:: Problem description ::
Make an exact copy of the whole listing, but leave its pictures out.

:: Supplied data ::

★ ★ ★ ★

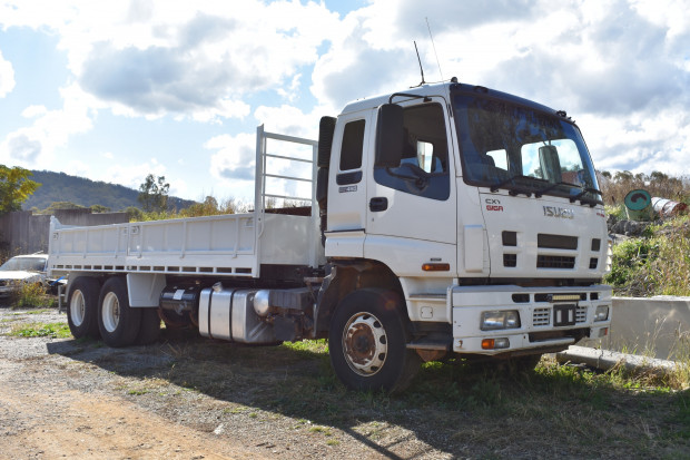 Ex-Govt, Tandem Axle Flat Top Tipper, Brand new Tipping body with drop sides and two way Tailgate.Sitec Series II, 6 Cyl Turbo Diesel, Airbags with Suspension Dump, Ringfeeder with Air and Rear Hydraulics, Tool Box, 21ft Tray
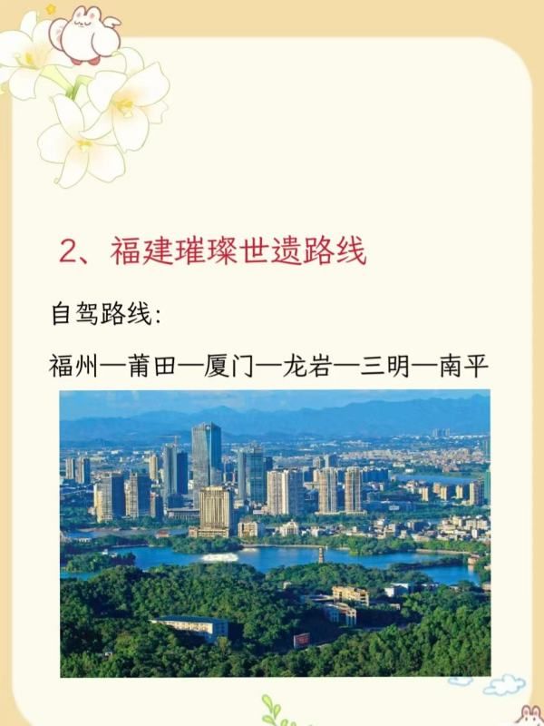 福建璀璨世遗路线是福建经典自驾路线,全程约1100公里。一路串联福建著名的世界文化遗产武夷山,泰宁丹霞、福建土楼、鼓浪屿等。
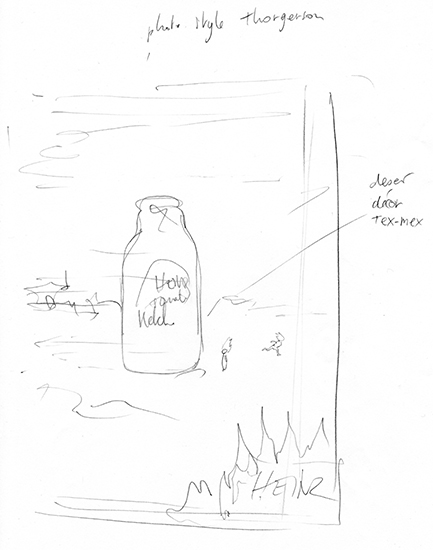 Brief : Publicité pour le nouveau ketchup épicé. Affiche façon Thorgerson. Il fait très chaud. La tête des 2 personnages flambe. Le logo de l'annonceur s'affiche sur fond de feu en avant-plan.
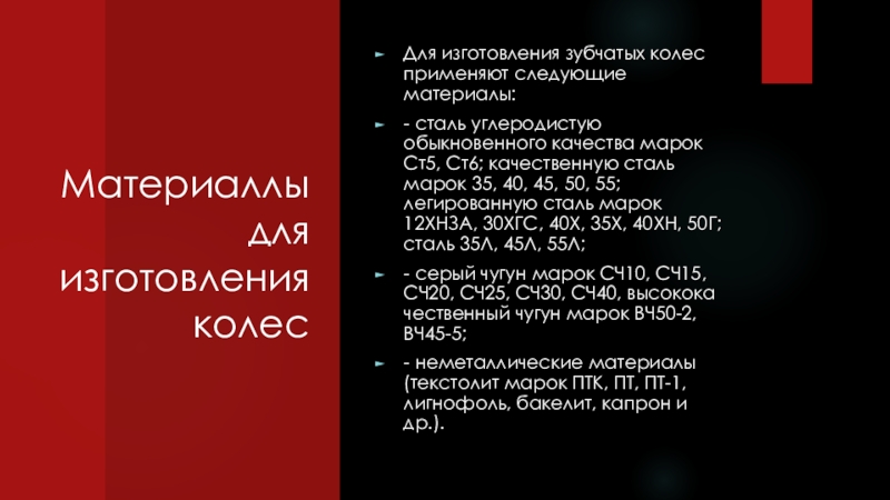 углеродистую обыкновенного качества марок Ст5, Ст6; качественную сталь марок 35, 40, 45, 50, 55; легированную сталь марок 12ХНЗА, 30ХГС, 40Х, 35Х, 40ХН, 50Г; сталь 35Л, 45Л, 55Л;

★ ★ ★ ★

:: Task result ::
 Ex-Govt, Tandem Axle Flat Top Tipper, Brand new Tipping body with drop sides and two way Tailgate.Sitec Series II, 6 Cyl Turbo Diesel, Airbags with Suspension Dump, Ringfeeder with Air and Rear Hydraulics, Tool Box, 21ft Tray
 福建璀璨世遗路线是福建经典自驾路线,全程约1100公里。一路串联福建著名的世界文化遗产武夷山,泰宁丹霞、福建土楼、鼓浪屿等。
 Brief : Publicité pour le nouveau ketchup épicé. Affiche façon Thorgerson. Il fait très chaud. La tête des 2 personnages flambe. Le logo de l'annonceur s'affiche sur fond de feu en avant-plan.
 углеродистую обыкновенного качества марок Ст5, Ст6; качественную сталь марок 35, 40, 45, 50, 55; легированную сталь марок 12ХНЗА, 30ХГС, 40Х, 35Х, 40ХН, 50Г; сталь 35Л, 45Л, 55Л;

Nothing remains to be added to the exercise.